Dix ans après, rien ne nous éloigne de la prochaine crise financière

C’est donc bien une phase de dérégulation financière qui est en passe de s’ouvrir, susceptible d’aboutir à une nouvelle crise financière, que les banques centrales comme les États seraient bien en peine de gérer. En effet, leurs marges de manœuvre sont plus étroites qu’elles ne l’étaient en 2007-2008 (crise des subprimes) et en 2011-2012 (crise des dettes souveraines en zone euro). D’abord, les taux sont très bas et n’offriront donc qu’une faible marge à la baisse, à moins de pousser bien plus loin que ces dernières années l’expérience des taux négatifs, dont on n’a toutefois guère perçu le caractère entraînant pour l’investissement.
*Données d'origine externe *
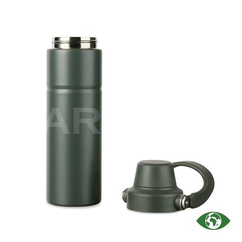 Moderna un izturīga dubultsienu vakuuma pudele, kas izgatavota no pārstrādāta nerūsējošā tērauda. Perfektai funkcionalitātei ar ērtu rokturi, ideāli piemērota piedzīvojumiem. Vākam ir divas atveres: ērts snīpis dzeršanai un lielāka atvere ērtai uzpildīšanai un tīrīšanai. Dubultsienu izolācija uztur dzērienu aukstu līdz pat 12 stundām un karstu līdz pat 4 stundām, nodrošinot atsvaidzinājumu visa ceļojuma laikā. Nav piemērota mazgāšanai trauku mazgājamajā mašīnā vai sildāma mikroviļņu krāsnī, tikai mazgāšanai ar rokām!
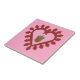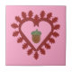 This awesome tile features a digital art image of an acorn surrounded by a red heart. The acorn is brown with a green cap and cute little eyes with black pupils and a smile on its face. the heart surrounding the acorn has a series of pretty red oak leaves attached to it pointing outside the heart creating a beautiful leafy pattern.

Ensuite, les finances publiques restent profondément altérées par la gestion de la crise et les conséquences de cette dernière en termes de croissance et d’emplois.

Un grand risque d’instabilité financière dans un contexte géopolitique tendu

Les politiques monétaires qui ont été menées par les grandes banques centrales (Réserve fédérale américaine, Banque centrale européenne, Bank of England, Bank of Japan…) pour faire face à la crise ont gorgé les banques, et donc naturellement les marchés, de liquidités. Car, loin de l’image d’Épinal selon laquelle les marchés financiers seraient des lieux de mise en relation des agents non financiers à capacité et à besoin de financement, ce sont les banques, et les autres intermédiaires financiers auxquels elles sont liées, qui « tiennent » les marchés et s’en servent tant pour s’y financer que pour y échanger des titres et des risques. Parce que le modèle d’activité de ces grandes banques est encore aujourd’hui très tourné vers les marchés de titres, les liquidités dont les banques centrales les ont abreuvées (via des refinancements à taux quasi nul ou via les achats de titres dans le cadre du quantitative easing), ont démultiplié les achats de titres bien plus que les crédits et les dépôts. Ce faisant, les politiques monétaires de gestion de crise sont moins parvenues à réamorcer une capacité pérenne de dépense d’investissement qu’à alimenter des bulles sur les marchés d’actions et sur les marchés obligataires.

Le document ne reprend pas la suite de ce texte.